Yea I saw that - awesome!

OK so even though dev->master merge would be clean, squashing down serial features into one/two commits would obv still be good. Hopefully easier than it looks - I’ll get back to you on that! Are we inviting trouble rebasing hard on dev? (I don’t think so!)

1 Like

are we inviting trouble rebasing hard on dev

probably not really (not a lot of people working with dev), but that’s why i mentioned rebasing to a new branch first.

the other reason to rebase is that it would maybe be better to only merge the stuff into master that is actually useful (most of your chnages) and not totally unfinished stuff (most of my changes) … but maybe it’s not really a big deal.

I like the original suggestion to swap rebase branches best. First I will try to squash out serial features into a sane number of sequential commits with human-readable log, then maybe all the bfin emu commits if that isn’t too tough, then I’ll try to move everything useful directly on top of master, with your bits on top of that. Then over to you to edit your commits if necessary…

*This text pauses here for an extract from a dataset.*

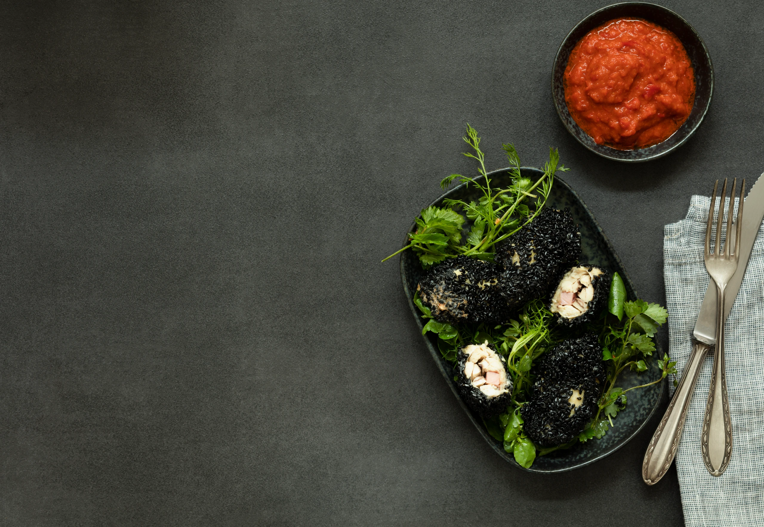 Hendlflügerl mit Schinkenfülle im Sesammantel
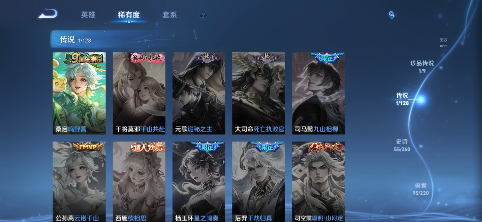 - [11884118]V7 9传说 124英雄 159皮肤 可修改实名 女号 优质装备:黄金射手座,猫影幻舞,久胜战神,地狱火,胖达荣荣,超时空战士-狄仁杰,涂山容容 珍宝阁皮:蔷薇恋人 限定皮:凤求凰(白切鸡),五谷丰年,武圣,天狼狩猎者,祈雪灵祝(雪兔子),李小龙,冰霜恋舞曲,美猴王 史诗皮:紫霞仙子,黄金分割率,特工魅影,千年之狐,魅语,无限星赏官,水果甜心,星夜王子,心灵骇客,幽灵船长,鬼剑武藏,纤云弄巧,逐浪之夏,曙光守护者,金属风暴,原初追逐者,圣诞恋歌,鹰眼统帅,王者之锤,暗夜贵公子,魅力维加斯,黎明之约

This approach is much harder to screw up & lose working code than cherry-picking on a new branch, because you always have an acid-test that the HEAD of dev_rebased must be identical to the old dev HEAD… Anyways I need to try but think that will work…

EDIT:
Hang on no, waiiiit! Rebase/cleanup of the dev branch at this stage would totally screw up my other PR - obviously! Can we run things in the following order:

  • first I squash the commits in that PR down to one/two commits
  • then I rebase it on top of monome/dev
  • then perform the rebase described above on my net-use-malloc branch (for the old commits with bad log)
  • then over to you if you want to edit block processing/C++ wrappers, clean up bugfixes etc
  • then merge catfact/net-use-malloc~1 into monome/dev (i.e everything up till the net-use-malloc commit)

Then I can force-push catfact/net-use-malloc to rick-monster/net-use-malloc.rebased, do a final check it’s identical to rick-monster/net-use-malloc, then re-open the pull-request from rick-monster/net-use-malloc.rebased to monome/dev.

Phew! That sounds a lot more complicated than it actually is, sorry! The other option is we just leave the commits on dev a mess, and hope like hell none of it needs to be subsequently reverted.